What did Goldman, and all the other counterparties, know about AIG's financial condition at the time they executed the swaps or other contracts? Had they done adequate due diligence to see whether they were buying real protection? And why shouldn't they bear a percentage of the risk of failure of their own counterparty?

What is the deeper relationship between Goldman and AIG? Didn't they almost merge a few years ago but did not because Goldman couldn't get its arms around the black box that is AIG? If that is true, why should Goldman get bailed out? After all, they should have known as well as anybody that a big part of AIG's business model was not to pay on insurance it had issued.

Why weren't the counterparties immediately and fully disclosed?

Failure to answer these questions will feed the populist rage that is metastasizing very quickly. It will raise basic questions about the competence of those who are supposedly guiding this economic policy."

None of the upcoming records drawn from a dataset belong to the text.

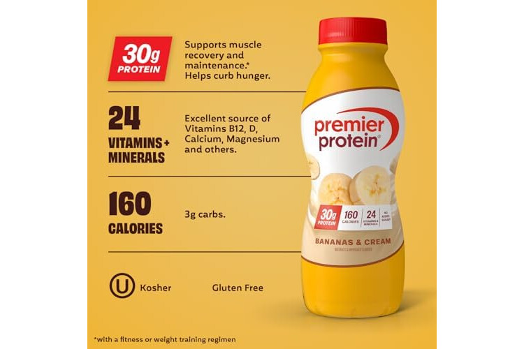 Premier Protein Shake, Bananas & Cream, 30g Protein, No Added Sugar, 24 Vitamins & Minerals to Support Immune Health, 11.5 fl oz, 12 Pack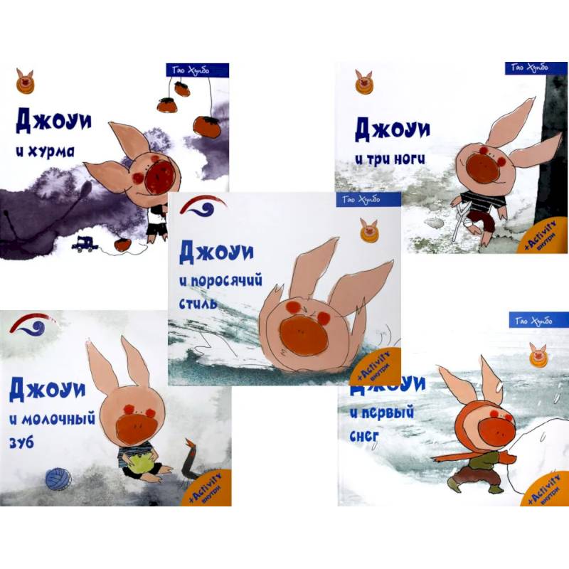 Комплект 'Лучшие книги для малышей. Учимся с Джоуи' содержит книги: 'Джоуи и поросячий стиль' Джоуи поспорил с Щенком, о том чей стиль плаванья лучше. И они решили устроить соревнование. Кто победил и кто самый преданный фанат Джоуи, ты узнаешь, прочитав новую книгу о приключениях счастливого поросёнка. 'Джоу и поросячий снег' Книги о поросенке Джоуи написаны Хонгбо Гао, которого называют 'первым человеком в китайской детской литературе'. В центре этой серии - маленький поросенок, очаровательный и уверенный в своих силах. Жизнь у него простая, но невереоятно веселая, что позволит детям увидеть в герое себя и вместе с ним посмеяться над его проделками. А оригинальные иллюстрации и легкий текст привьют ребятам любов к чтению. 'Джоу и молочный зуб' Маленький поросёнок Джоуи живёт просто и очень весело. Но вот беда - у него выпал зуб! Хорошо, что мама может помочь! 'Джоу и три ноги' Сколько ног нужно для счастья, или как поросёнок Джоуи подвернул ногу и встретил горделивую журавль, которую сумел покорить своим великодушием. Для дошкольного возраста. 'Джоу и хурма' В новой книге поросёнок Джоуи встречает необычного друга, а ещё учится терпению. Для дошкольного возраста.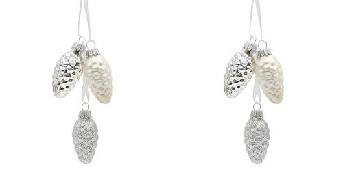 Dekohelden24 Lauschaer Julgransdekorationer, set om 2 med 3 minikottar, textilband, glans, matt, glittrande, 3 silver, 6 cm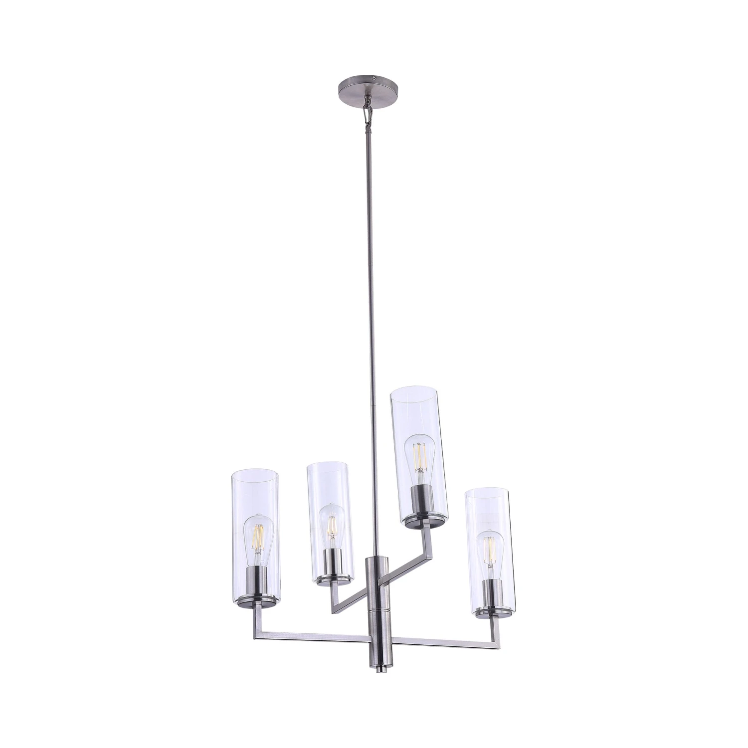 Create an ultra-modern aesthetic with the clean lines of the Acacia Chandelier from Minka Lavery. Designed in a gleaming brushed nickel finish, this understated, chic chandelier presents a series of staggered cylindrical clear glass shades, giving off a bright illumination across dining room tables and entryway foyers.

No one is accusing Geithner of personal corruption or of trying to enrich himself. But his passivity in the face of the AIG bonuses, his willingness to pay AIG's counterparties 100 cents on the dollars, and his seeming complicity in the cover-up of Goldman Sachs' misstatements, indicate that he's far too close to Wall Street's special interests and far too out of touch with Main Street's concerns to serve Obama and the nation well.

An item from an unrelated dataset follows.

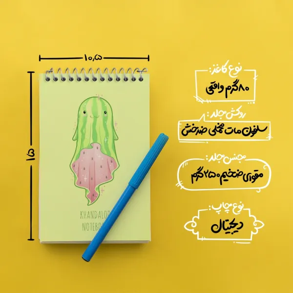 برند خندالو در زمینه تولید انواع دفاتر فانتزی و تحصیلی فعالیت میکند که به دلیل جذابیت ظاهری و طرح های متنوع طرفداران زیادی دارد. دفتر یادداشت خندالو طرح روح هندوانه ای بامزه محصولی مناسب برای همه عاشقان لوازم التحریر است و همچنین همه کسانی که بنا به موقعیت تحصیل یا شغلشان با دفتر و نوشت افزار زیاد سر و کار دارند. در تولید دفتر یادداشت خندالو طرح روح هندوانه ای بامزه از نوع صحافی فنر مارپیچ استفاده شده که در این نوع صحافی برگهها به راحتی چرخیده و یا بیرون آورده می شوند. دفتر های خندالو دارای جلد انعطاف پذیر از جنس مقوای گلاسه 250 گرم با روکش سلفون مات مخملی است که به شما امکان میدهد از دفتر خود بدون اینکه نگرانی از شکستن یا خراب شدن جلد را داشته باشید استفاده کنید و همچنین در این دفاتر از کاغذ 80 گرم با کیفیت استفاده شده که باعث میشود هنگام نوشتن به خوبی جوهر قلم بر روی صفحه نشسته و از خط خوردگیها جلوگیری کند. دفتر یادداشت خندالو با جنس و دوام مناسب، برگه های کاملاً سفید و خطوط طوسی دقیق را داراست که انسان را به نوشتن منظم و زیبا ترغیب میکند. طراحی کاملاً مناسب این دفاتر، به همراه کیفیت بالا، از آن یک محصول مورد علاقه و قابل اعتماد برای همه مقاطع تحصیلی میسازد. دفتر یادداشت خندالو طرح روح هندوانه ای بامزه انتخابی هوشمندانه و مناسب برای افرادی است که به دنبال دفتری با کیفیت و کاربرد عالی هستند. این دفتر، همراه خوبی برای شما در تمام مراحل تحصیل و کار خواهد بود و تجربهای لذتبخش از نوشتن و آموختن را به شما هدیه میدهد.

Nowhere is this clearer than in his approach to the financial crisis which rejects government receivership of insolvent banks and instead provides government guarantees to hedge funds and private equity firms to buy toxic assets and prop up the management and shareholders of the private banking system. As Robert Kuttner points out, this approach may be in danger of leading Obama and the nation off a cliff.

If the questions regarding Geithner's recent actions leads Obama to reassess relying on Geithner's advice, and consider alternative plans to rescue the financial system, including putting insolvent banks under temporary Federal receivership, then it might end up doing some good.